Catatan M Rizal Fadillah*
SALAM-ONLINE.COM: Mulai ramai kemunculan baliho para petinggi partai di berbagai daerah. Sekurangnya ada Puan Maharani (PDIP), Airlangga (Golkar), dan Muhaimin Iskandar (PKB).
Tentu bukan asal pasang jika tidak bertujuan sebagai sosialisasi Pilpres 2024. Bahasa kasarnya kampanye dini. Konten seruan “kamuflase” memang di sekitar pandemi Covid-19. Dinilai kurang etis di masa prihatin menghadapi pandemi ini para selebriti politik sudah mulai “menebar pesona” untuk 2024.
Anggapannya mungkin perlu “jualan diri” harus lebih dini. Tidak mampu dalam bentuk prestasi ya minimal baliho. Tak peduli bahwa hal itu bisa mengotori atau menambah sumpek kota.
Puan Maharani yang terbanyak balihonya. Untuk beberapa daerah mendapat dukungan pemerintah setempat. Wali Kota Solo Gibran mengakui pemasangan baliho di kotanya atas perintah PDIP. Pengamat menduga jebloknya posisi Puan dalam beberapa survei harus di-upgrade dan ditopang oleh sosialisasi baliho.
Masyarakat ada yang mengenal ada yang tidak dengan figur yang ada dalam baliho tersebut. Bahkan di Blitar dan Surabaya beberapa baliho menjadi korban vandalisme, dicoret-coret oleh warga. Polisi terpaksa harus mengusut laporan perusakan baliho. Kepak Sayap Kebinekaan yang tertulis dalam baliho berefek pada kepak sayap kekecewaan.
Ketua Umum DPP Golkar Airlangga Hartarto juga tampil dalam banyak baliho. ketua DPD Golkar Blora mengakui pemasangan baliho itu untuk sosialisasi Airlangga demi Pilpres 2024. Mottonya adalah Kerja Untuk Indonesia. Motto yang jelas bernuansa kampanye. Mungkin selama ini dirasakan tidak bekerja atau kurang kerjaan.

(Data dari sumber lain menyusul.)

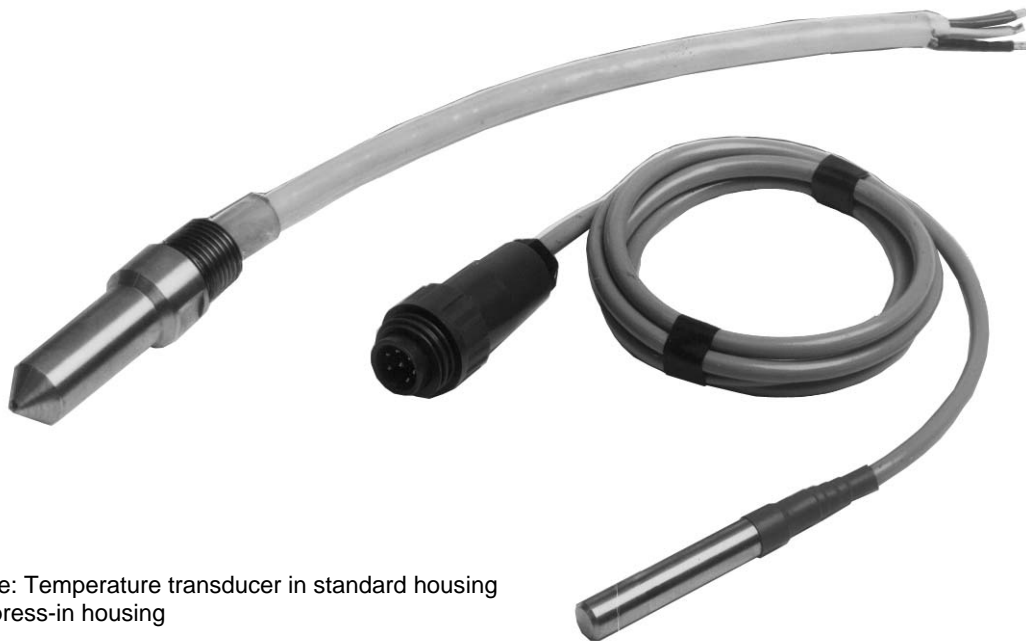
Figure: Temperature transducer in standard housing and press-in housing

For applications in an extended temperature range, a special cable is required.
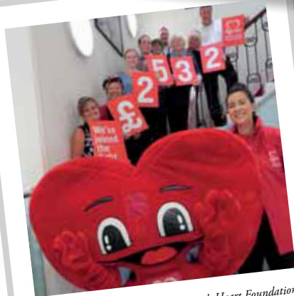
Oddfellows raise £2532 for the British Heart Foundation
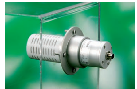
With the optional mounting flange, the GMP343 can for example be installed directly into a soil respiration box. The diffusion-aspirated probe eliminates sampling systems and errors related to pressure differences caused by pumps.

Each GMP343 is calibrated using ±0.5 % accurate gases at 0 ppm, 200 ppm, 370 ppm, 600 ppm, 1000 ppm, 4000 ppm and 2 %. Calibration is also done at four temperature points, -30 °C, 0 °C, 25 °C and 50 °C. If needed, the customer can recalibrate the instrument using the multipoint calibration (MPC) feature allowing up to 8 user-defined calibration points.
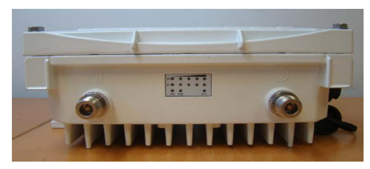
Figure 23 - Aruba AP-175 TEL placement left view
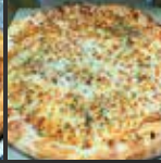
Garlic & Cheese
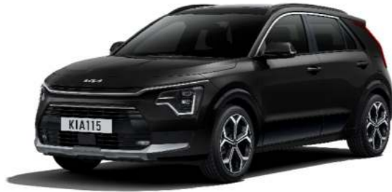
Aurora Black Not available PHEV Light
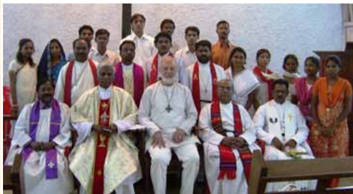
Participants and leaders at the recent urban church-planting course held in Mumbai, India

The People of the Book Lutheran Outreach and Children's Christian Concerns mission societies have joined with LCMS World Mission to start Lutheran schools in rural Bangladesh. The government has invited any organization to start schools in the country, so LCMS World Mission is responding to that open invitation.
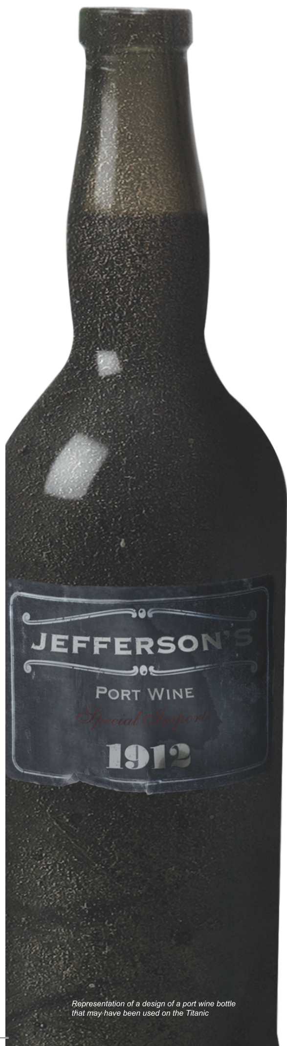
Representation of a design of a port wine bottle that may have been used on the Titanic

Discover more of Cumbria's history at your local library

Massa kampanye masih jauh, namun partai-partai besar justru mencuri start dengan memanfaatkan pandemi. Tipis antara sosialisasi dan kampanye sebagaimana sulit untuk membedakan ajakan dengan seruan. Sebenarnya masyarakat awam juga tahu bahwa yang dilakukan oleh Puan dan Airlangga melalui tampilan baliho adalah sebuah kampanye.
Ditambah dengan baliho Cak Imin, panggilan Muhaimin Iskandar, Ketua Umum PKB, maka fenomena baru telah muncul, yaitu kampanye terselubung untuk Pilpres 2024. Perang baliho dimulai.
Ada tiga probabilitas dari fenomena munculnya baliho-baliho petinggi Partai ini, yaitu:
Pertama, memang sosialisasi diri figur yang ingin menjadi kandidat Capres/Cawapres 2024. Start dini untuk mendongkrak kekurangan popularitas sebagaimana ditampilkan dalam sejumlah survei.
Kedua, permainan partai politik untuk menghambat aspirasi liar yang menginginkan Joko Widodo menambah masa jabatan kepresidenannya. Munculnya figur dari partai-partai menutup dukungan atau perlawanan terhadap masa jabatan tiga periode.
Ketiga, munculnya baliho figur untuk 2024 itu diskenariokan oleh Joko Widodo dan oligarkinya sendiri. Dirigen dari baliho ini adalah Joko Widodo. Tujuannya untuk membangun citra bahwa kekuasaan aman hingga 2024. Antisipasi atas desakan yang menguat agar Joko Widodo meletakkan jabatan sebelum 2024.
Perang baliho bisa meningkatkan jumlah figur yang muncul dan hal ini sangat tidak sehat. Di samping tidak empati pada penderitaan rakyat yang sedang sekarat menghadapi pandemi, juga bagian dari kapitalisasi politik. Mereka yang kuat kapital itulah yang terbanyak balihonya. Ketidakadilan ini berbahaya dan merusak.
Nah, sebelum menjamur dan tak terkendali sebaiknya dilarang saja pemasangan baliho bernuansa kampanye tersebut. Jangan bodohi rakyat dengan bahasa sosialisasi.
Ingat, dahulu baliho HRS yang dipasang di sekitar sekretariat saja sudah diobrak-abrik oleh tentara. Pangdam Jaya menjadi komandan operasi. Nah kini sebaiknya baliho politik yang tersebar di mana-mana itu dilarang atau dipaksa untuk diturunkan. Jika bandel, kirim saja pasukan TNI untuk menurunkannya. Jangan hanya berani kepada HRS.